The association between alcohol and melanoma was strongest for parts of the body that typically receive less sun exposure. Cho said that compared with nondrinkers, those who consumed 20 grams or more of alcohol per day were 2 percent more likely to be diagnosed with melanomas of the head, neck, or extremities, but 73 percent more likely to be diagnosed with melanomas of the trunk. She said this finding was novel and further research would be required to explain the results.

Cho said “it was surprising that white wine was the only drink independently associated with increased risk of melanoma. The reason for the association is unknown. However, research has shown that some wine has somewhat higher levels of pre-existing acetaldehyde than beer or spirits. While red and white wine may have similar amounts of pre-existing acetaldehyde, the antioxidants in red wine may offset the risks.”

Cho said the study adds melanoma to the list of cancers associated with alcohol, and the findings support existing recommendations by organizations including the American Cancer Society to limit alcohol intake.

“The clinical and biological significance of these findings remains to be determined, but for motivated individuals with other strong risk factors for melanoma, counseling regarding alcohol use may be an appropriate risk-reduction strategy to reduce risks of melanoma as well as other cancers,” Cho said.

However, Cho pointed out that modest alcohol intake has been connected with reduced risk of cardiovascular disease. “For drinkers, risks and benefits of alcohol consumption have to be considered individually, including the risk related to skin cancer,” she said.
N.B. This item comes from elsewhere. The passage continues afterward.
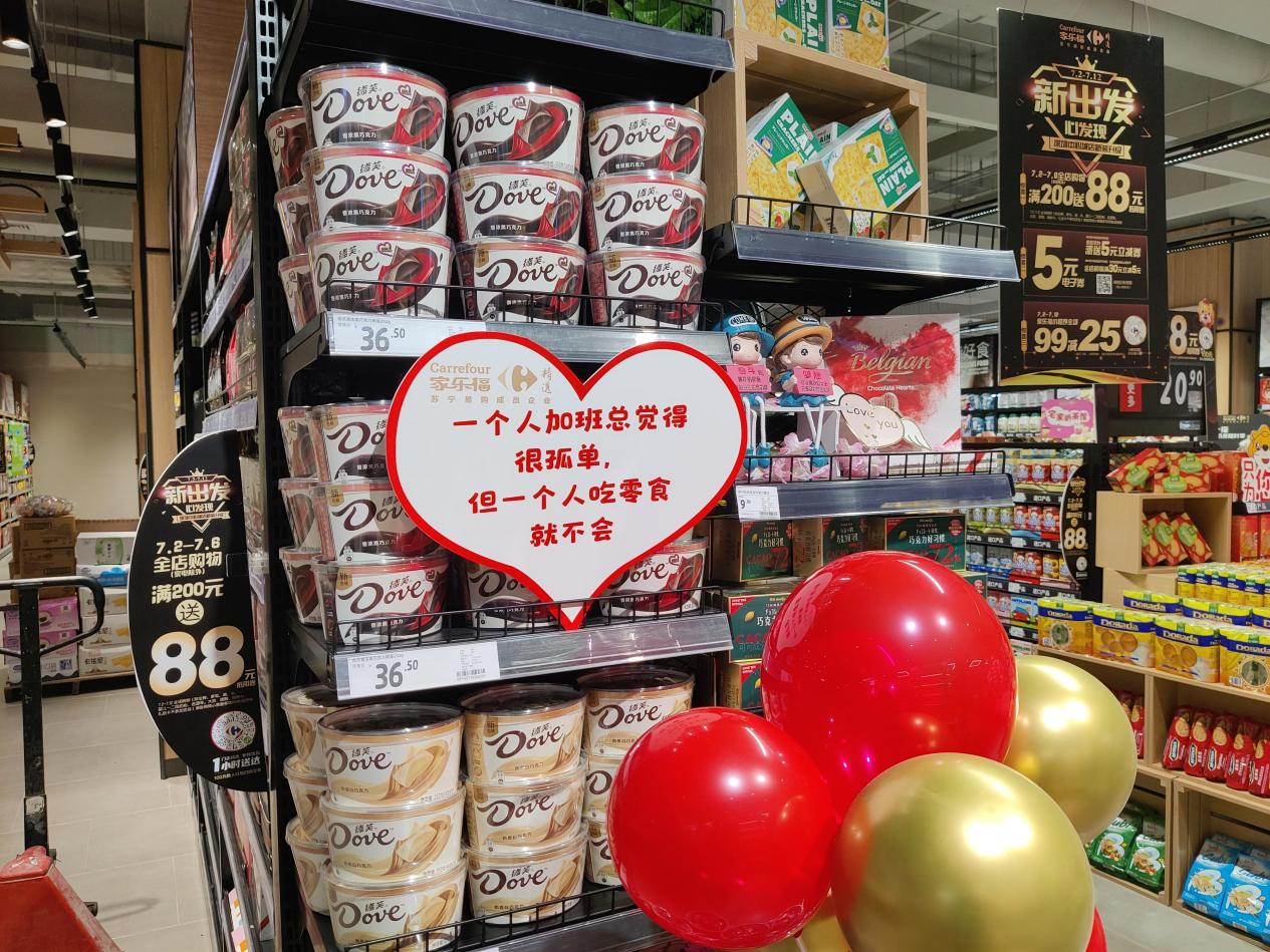 借著盛大開業(yè)的東風,家樂福社區(qū)品質(zhì)中心店推出了“優(yōu)品物語”的趣味逛店活動。該活動,在原本干巴巴的價格指示牌下面增加了諸如,“一個人吃飯很孤單,但一個人吃零食就不會”“隔壁的,你和卷心菜是什么關(guān)系?我是反內(nèi)卷菜系”“櫻桃:要我一口能讓你大紅”“藍莓:我還爆漿!能讓你大紫”等“Z世代”語言,吸引大家來發(fā)掘逛超市的趣味。不但年輕的小情侶可以在下班后默契地相視一笑,也吸引到小紅書的博主們競相探店打卡。既賦予了購物一點有趣和人性化,也給這屆年輕人動輒發(fā)圈、種草的社交型消費加點料。

Cho said the study’s chief limitation was the homogeneity of the study population. Non-whites were excluded, as there were too few non-white participants to draw statistically valid conclusions. Therefore, the study’s findings cannot be generalized for other racial or ethnic groups.

Also, few study participants reported heavy drinking, and the study did not account for some potential risk factors of melanoma, such as sun-protection behaviors. Participants were excluded if they reported a personal history of cancer at baseline of the follow-up in order to avoid bias due to closer physician follow-up of cancer patients.

Additional Comments
Although the above study shows there is a link between the alcohol and melanoma, further research may be needed to confirm that link as there could be confounding variables in play.

Citation: “Alcohol Intake and Risk of Incident Melanoma: A Pooled Analysis of Three Prospective Studies in the United States.” Andrew Rivera, Hongmei Nan, Tricia Li, Abrar Qureshi and Eunyoung Cho. Cancer Epidemiology and Prevention Biomarkers 2016 vol: 25 (12).
DOI: 10.1158/1055-9965.EPI-16-0303
Research funding: NIH
Adapted from press release by American Association of Cancer Research.